Figure 3: Data on IAS from mobile and web application Invazivke by months. Source: Information System Invazivke, 2020.

What is attacking our oak trees?

One of the most noticeable tree pests that is spreading in Slovenia in the last few years is the North American oak lace bug (Corythucha arcuata). It was first reported in 2016 from the Easter part of Slovenia. The species has most probably spread from the neighbouring Croatia, where heavy attacks of oak lace bug were observed already in 2013. In 2018 the species started to spread through Slovenia and was mainly observed just by the main traffic corridors and in the East half of the country. 

It was only in 2019, when the species apparently reproduced so numerously that a larger parts of forests stands were visibly affected in many parts of the country. Signs of the oak lace bug attack are very characteristic and appear as the yellowish discoloration of the oak leaves, caused by the insects sucking the plants sap. Leaves can dry out and shed prematurely, having impact especially on young trees, which are therefore weakened, and forest rejuvenation might be impeded. With the help of citizen science and foresters, we monitor the spread of this species in Slovenia and the response of oak trees to this newcomer. What the future will bring for European oaks is however still unclear.


Figure 4: a) Larvae and adults of the oak lace bug (Corythucha arcuata) suck plant sap from the lower side of the leaves and make them yellowish, Photo: S. Zidar;

Figure 4 b) Adult oak lace bug is just a few mm long and with typicall lace shaped elytra. Photo: D. Jurc

Figure 5: Oak lace bug (Corythucha arcuata) is spreading throughout Slovenia. Source: Information system Invazivke, 2020.

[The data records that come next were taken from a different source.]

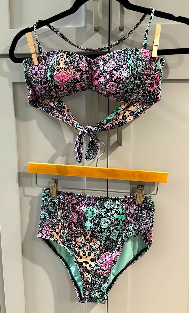 Bikini Lab High Rise Bikini with‎ Bandeau Top w/Smocking Pastel Paisley Print Sm Pink - $9 - From Jennifer
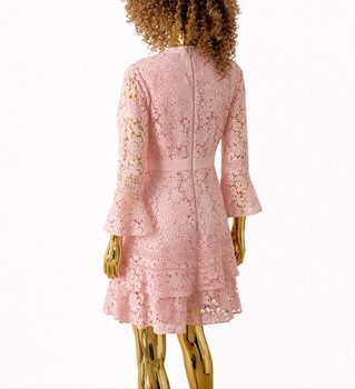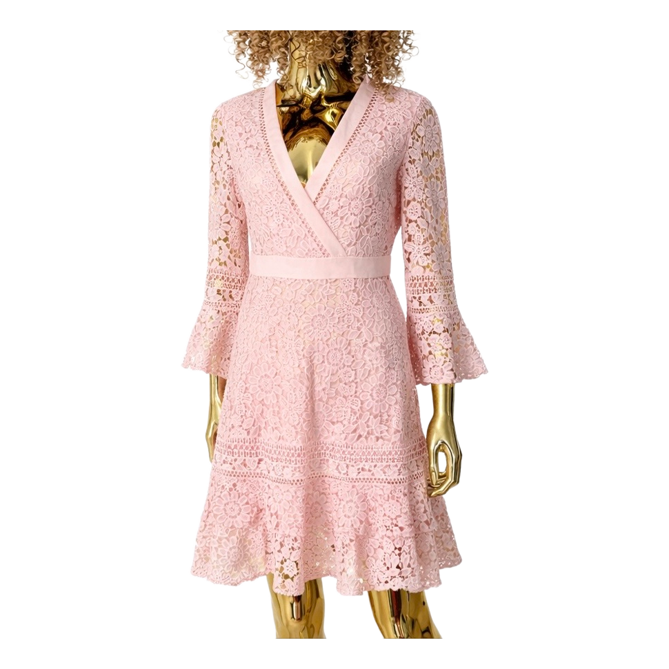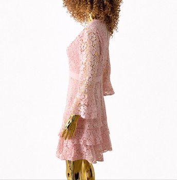 Light pink, layered lace dress. Long, flared sleeves and zipper at the back. Size 2.
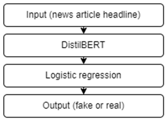 The block diagram of the algorithm for fake news detection based on DistilBERT language model.
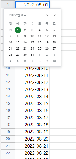 일반적인 엑셀 다루듯이 "yyyy-mm-dd"의 형태로 적고 각 셀의 우측 하단 포인트를 잡고 쭉 내리면 날짜가 알아서 채워질것이다.
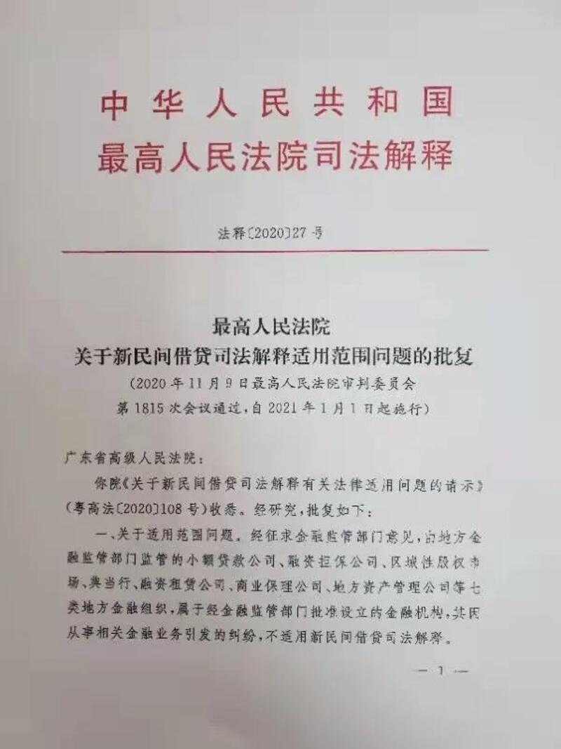 最高法院于2020年12月29日关于新民间借贷司法解释适用范围问题批复广东高院,明确:由地方金融监管部门监管的小额贷款公司、融资担保公司、区域性股权市场、典当行、融资租赁公司、商业保理公司、地方资产管理公司等七类地方金融组织,属于经金融监管部门批准设立的金融机构,其因从事相关金融业务引发的纠纷,不适用新民间借贷司法解释。其他问题已在修订后的司法解释中予以明确。批复自2021年1月1日起施行。
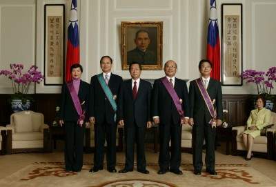 陳總統水扁先生今天分別頒授「一等卿雲勳章」、「一等景星勳章」、「一等景星勳章」及「二等景星勳章」給行政院前院長游錫堃、行政院前副院長葉菊蘭、總統府前秘書長蘇貞昌及行政院前秘書長葉國興,以表彰他們在任內為國家、社會所作的付出及貢獻。
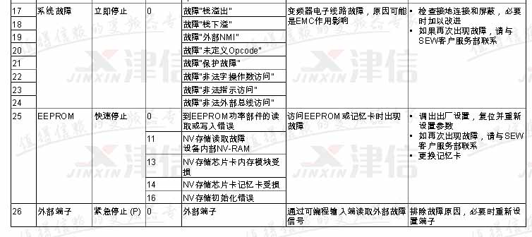 SEW變頻器故障代碼F17,F(xiàn)18,F(xiàn)19,F(xiàn)20,F(xiàn)21,F(xiàn)22,F(xiàn)23,F(xiàn)24,F(xiàn)25,F(xiàn)26,具體如下:
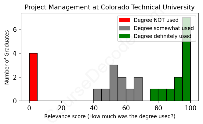 The verdict? Slightly below average. Overall, with an average relevance score of 64%, Project Management graduates from Colorado Technical University have a slightly lower likelihood (-3%) of finding work in this field compared to the average graduate across all fields:
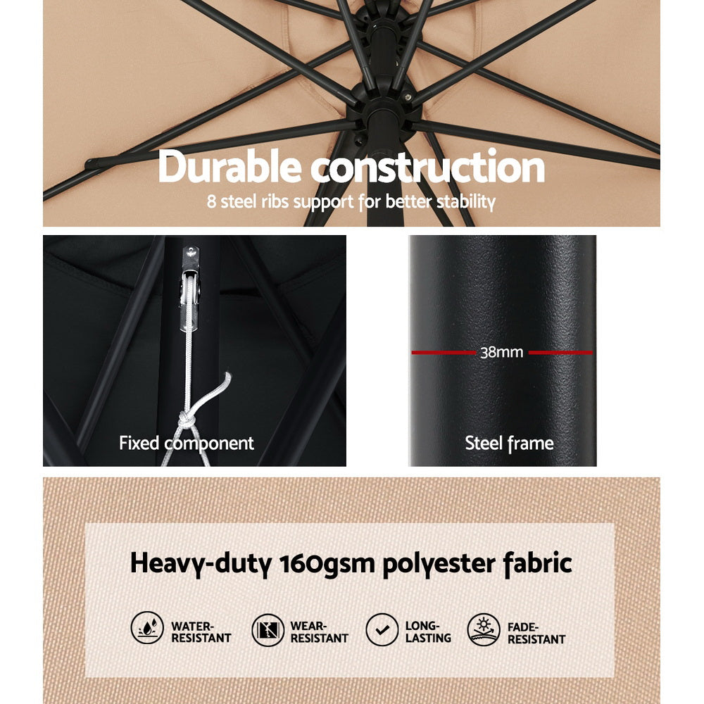 Instahut 3m Outdoor Umbrella w/Base Pole Tilt Beach Garden Patio Beige

Ashes to ashes – what is happening to ash trees in Slovenia and Europe?

Ash dieback is caused by the fungi Hymenoscyphus fraxineus and is causing problems throughout the Europe. European ash trees are not adjusted to this Asian fungus, causing a massive ash dieback in many European countries. The first observation of the disease in Slovenia dates into 2006. Fungi infest predominately Fraxinus excelsior and Fraxinus angustifolia, which are two important forest tree species in Slovenia. Symptoms of the disease include brown lesions on leaves and leaf-petioles. Fungi also infect bark and causes lesions and dieback of shoots. Trees are often heavily infected, and many branches die back, however new shoots are also formed, which gives trees canopy a distinctive look. The species is already widespread throughout Europe.


Figure 6: Ash dieback (Hymenoscyphus fraxineus) causes drying of the branches. Photo: S. Zidar

Figure 6 b) current distribution of the ash dieback (Hymenoscyphus fraxineus) in Slovenia. Source: Information system Invazivke, 2020.

Setting the ground base for citizen scientists’ involvement

Together with good prevention measures, a suitable early warning and rapid response system is the most important part of dealing with newly introduced IAS. Citizen science can be a great part of this; however, a scheme of educational activities and useful tools for work in the field should be provided. The project LIFE ARTEMIS was the first in Slovenia to also address the general public and their involvement in the IAS management.

Project LIFE ARTEMIS is supported by the LIFE Programme Environment, sub-Programme LIFE Environmental Governance & Information. The partners of the projects are Slovenian Forestry Institute, Institute of the Republic of Slovenia for Nature Conservation, Slovenia Forest Service and Institute Symbiosis.